# Data excerpts
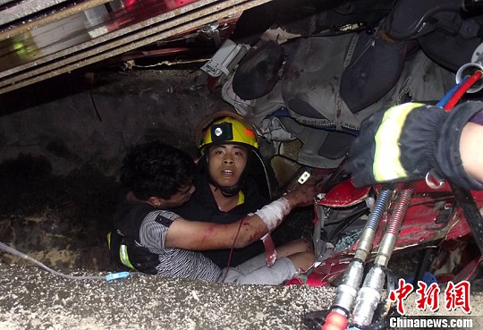 福建重载货车相撞 消防破拆营救被困者
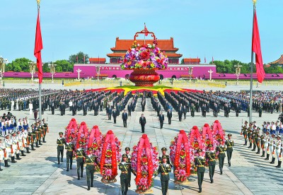 新华社北京9月30日电 缅怀革命先烈,弘扬英雄精神。烈士纪念日向人民英雄敬献花篮仪式30日上午在北京天安门广场隆重举行。党和国家领导人习近平、李克强、栗战书、汪洋、王沪宁、赵乐际、韩正、王岐山等,同各界代表一起出席仪式。
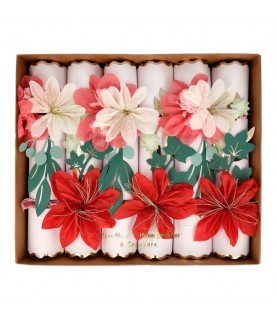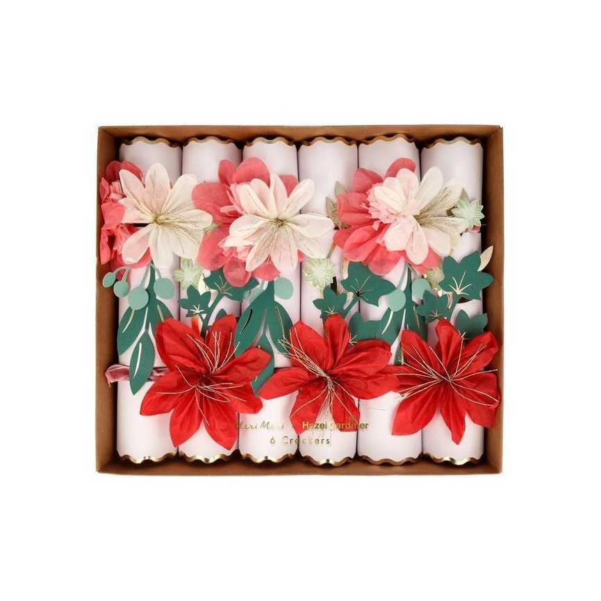Hazel Gardiner, eine talentierte Blumendesignerin aus London, hat mitgearbeitet, um diese wunderbaren Knallbonbons zu schaffen. Sie haben rosa, rote und gelbe Seidenpapier-Blumen und mit Goldfolie umrandete Jakobsmuschelränder; sie werden bei festlichen Anlässen absolut fantastisch aussehen. Jeder Knallbonbon enthält einen Scherz, einen goldenen Papierhut und eine Holzbrosche mit Goldfoliendetail.
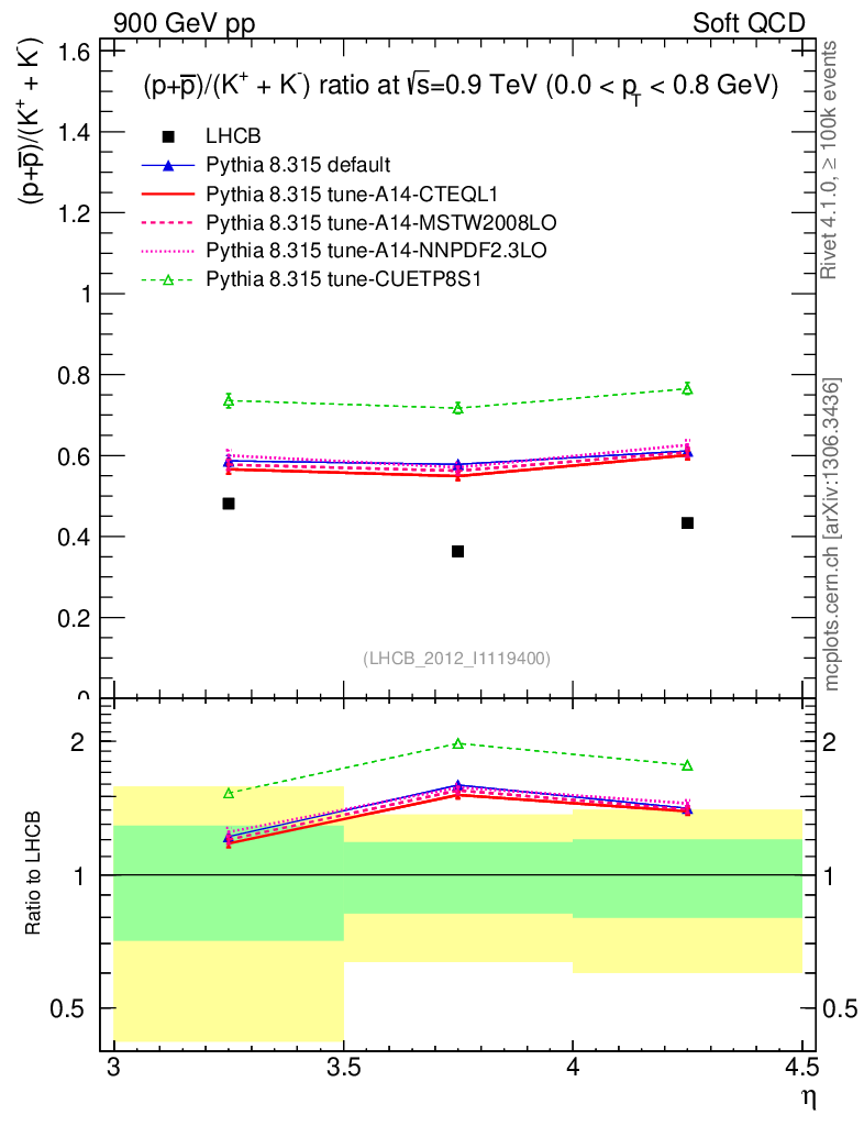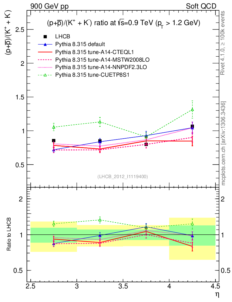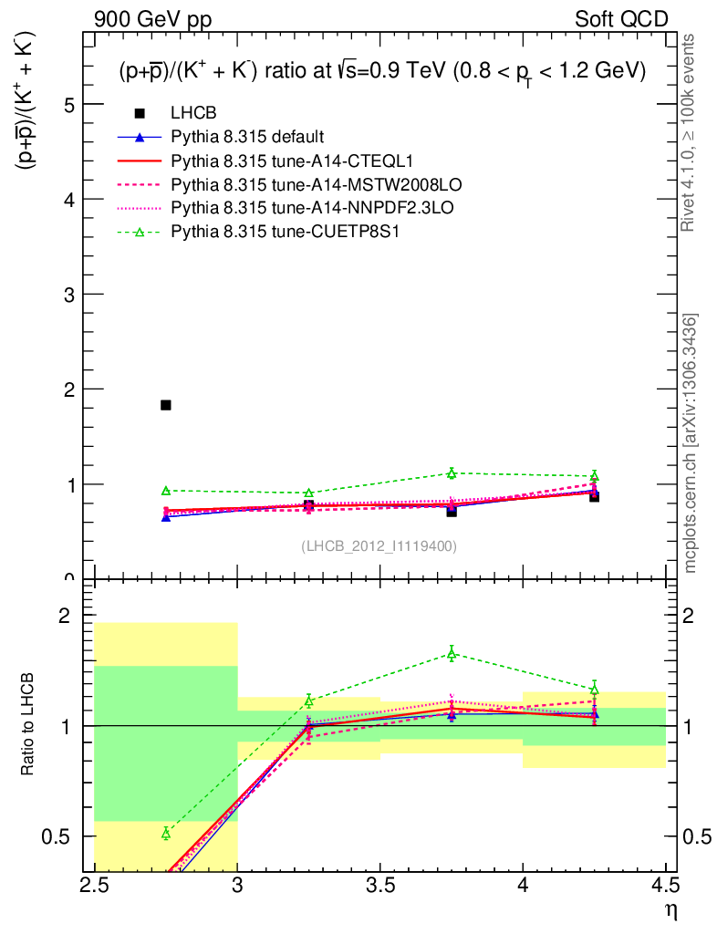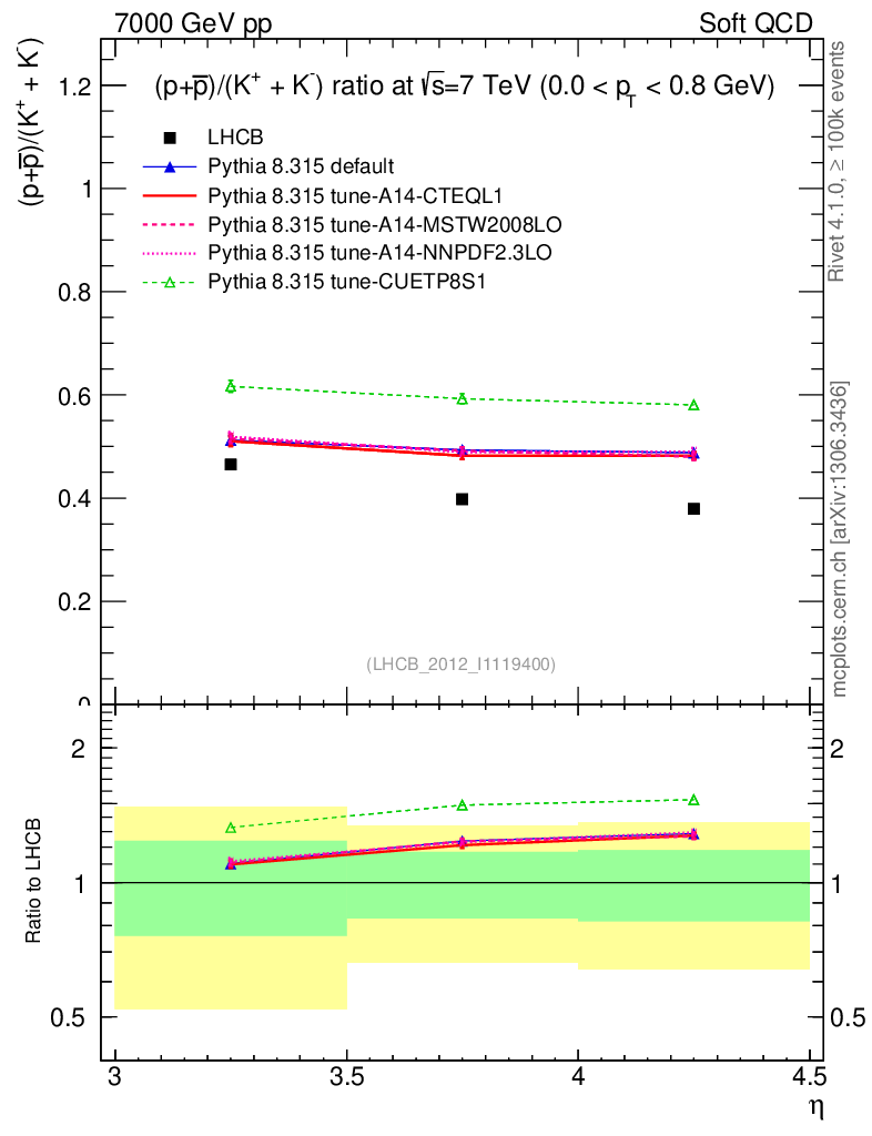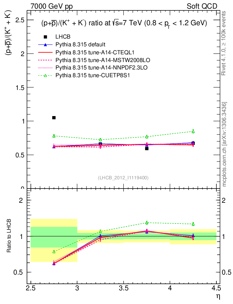 Soft QCD (inelastic) : Identified Particles : Ratios : (pbar+p)/(K-+K+) vs |y|
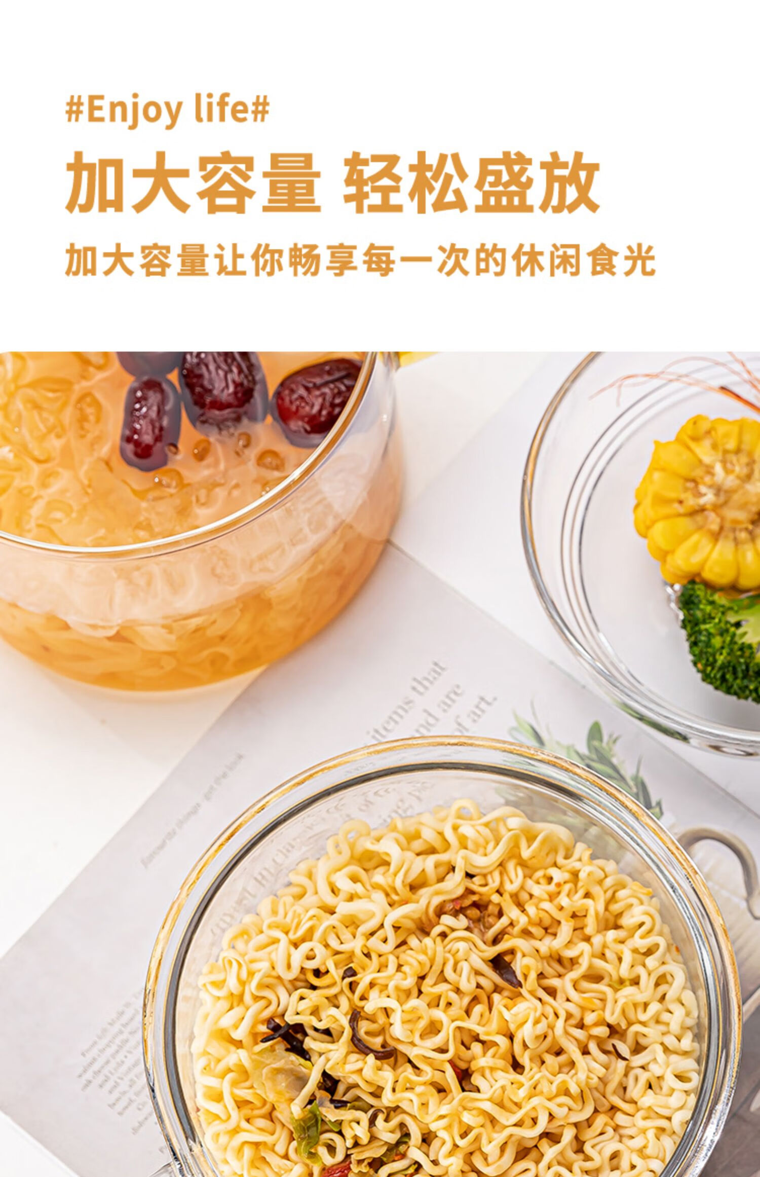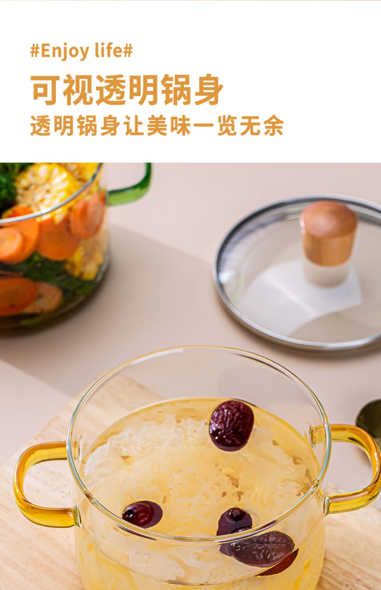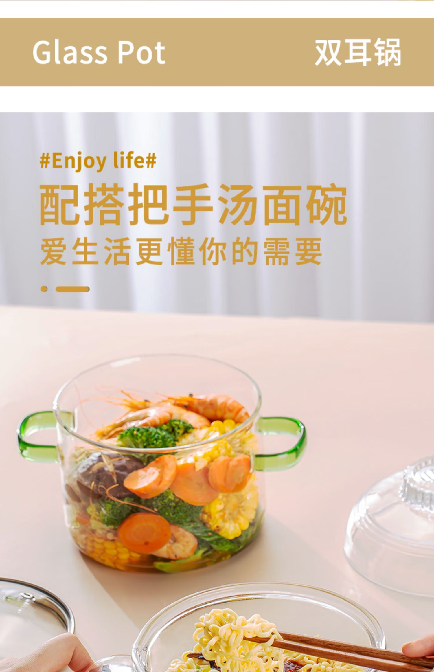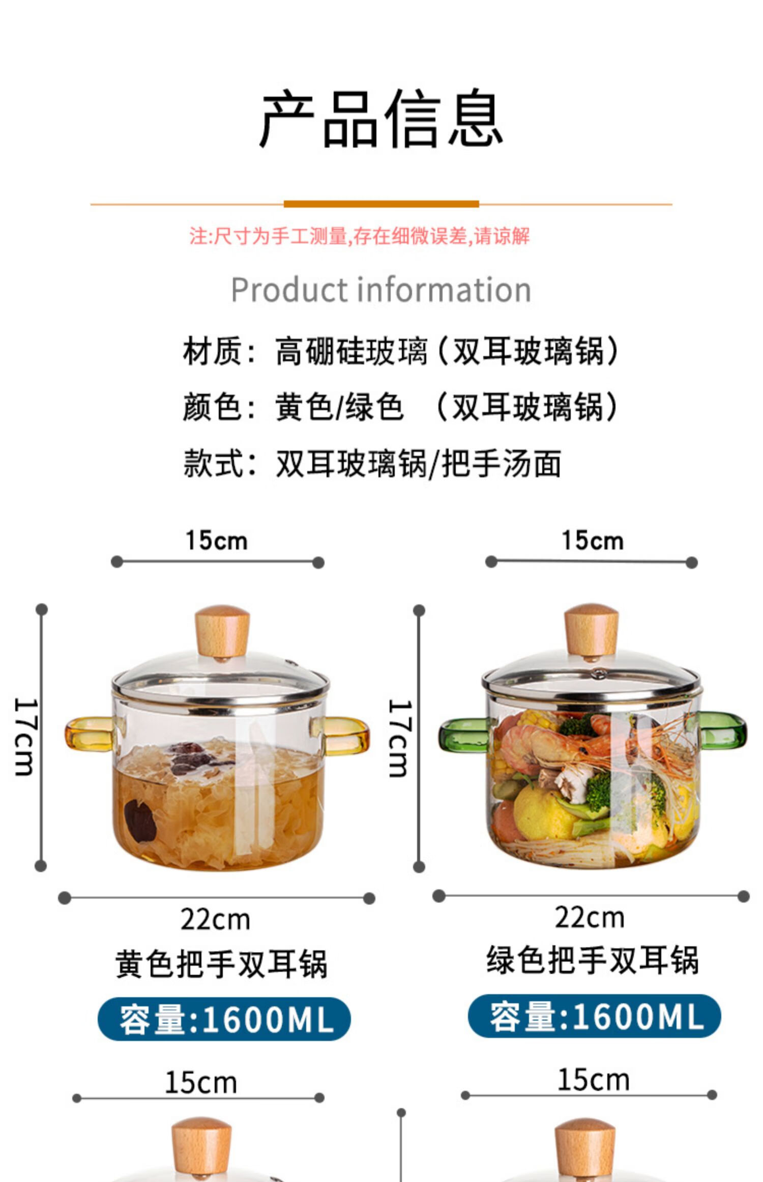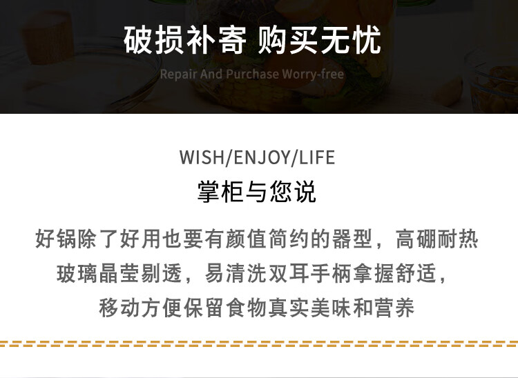 简漾耐热高硼硅玻璃碗炖锅有盖泡面碗炖汤煲带盖双耳碗煤气加热煲汤锅 1.6琥珀色把手煲 1cm
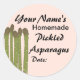 Utilisez ces autocollants pour le dessus de vos couvercles de bocal de conserves sur vos cornichons faits maison et appréciez. Le modèle a une image de quelques asperges lances sur un arrière - plan de pêche léger. Vous pouvez modifier la couleur de l'arrière - plan si vous le souhaitez. Les autocollants de conserves disent, "Votre nom est des Asperges cuites maison." Ajoutez votre nom au modèle pour personnaliser. Vous pouvez modifier ou supprimer n'importe quel mot du modèle. Il y a également de la place pour que vous écriviez dans la date plus tard. Mettez quelques-uns de ces gâteaux faits maison sur vos couvercles de jarre et vos proches seront aussi impressionnés par la présentation qu'ils seront avec vos délicieuses gâteries.
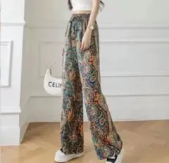 ワイドパンツ 総柄 アイスシルク ダンス ルームウェア ヨガ フリーサイズ
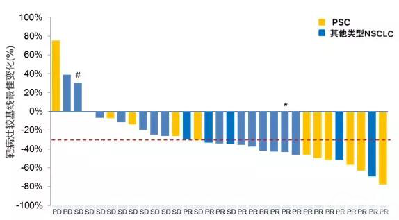 在这个2019年AACR上报告的沃利替尼治疗MET exon14的肺癌研究中发现:11名PSC患者中,6例PR,4例SD,1例PD,疗效确切。
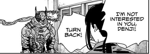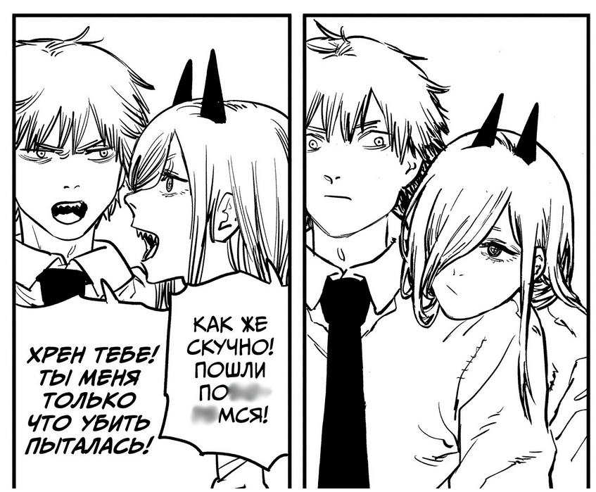 Вы вообще поняли какой пик деконструкции произошёл в главе? Йорочка злодейка - стала побеждать благодаря друзьям и силе дружбы. Но Денжи - положительный герой... наоборот победил силу дружбы. И стал убивать друзей злодейки...
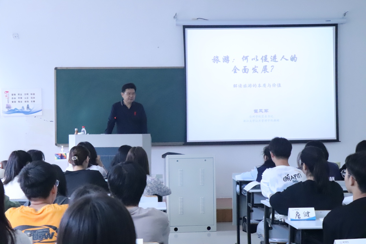 10月22日,校党委书记崔凤军应邀为22旅游管理专业学生讲授《专业导论与规划》课程。
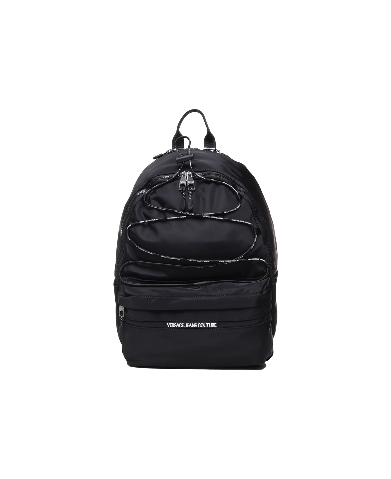 Black Nylon Hiking Style Backpack from Versace Jeans Couture -Front application with white logo -Drawstring with logo print -Zip closure -Front pocket with zip -Two adjustable shoulder straps -Round handle -Silver-colored metal components with engraved logo -Single compartment -Lining with printed logo -Dimensions: 30x43x15 cm -Colour: Black -100% Nylon

# EXERCISE
From the records above, copy exactly the stretch from the line holding "Hazel Gardiner, eine" through the line holding "简漾耐热高硼硅玻璃碗炖锅有盖泡面碗炖汤煲带盖双耳碗煤气加热煲汤锅 1.6琥珀色把手煲 1cm", both ends included, without the pictures.

# RESPONSE
Hazel Gardiner, eine talentierte Blumendesignerin aus London, hat mitgearbeitet, um diese wunderbaren Knallbonbons zu schaffen. Sie haben rosa, rote und gelbe Seidenpapier-Blumen und mit Goldfolie umrandete Jakobsmuschelränder; sie werden bei festlichen Anlässen absolut fantastisch aussehen. Jeder Knallbonbon enthält einen Scherz, einen goldenen Papierhut und eine Holzbrosche mit Goldfoliendetail.
 Soft QCD (inelastic) : Identified Particles : Ratios : (pbar+p)/(K-+K+) vs |y|
 简漾耐热高硼硅玻璃碗炖锅有盖泡面碗炖汤煲带盖双耳碗煤气加热煲汤锅 1.6琥珀色把手煲 1cm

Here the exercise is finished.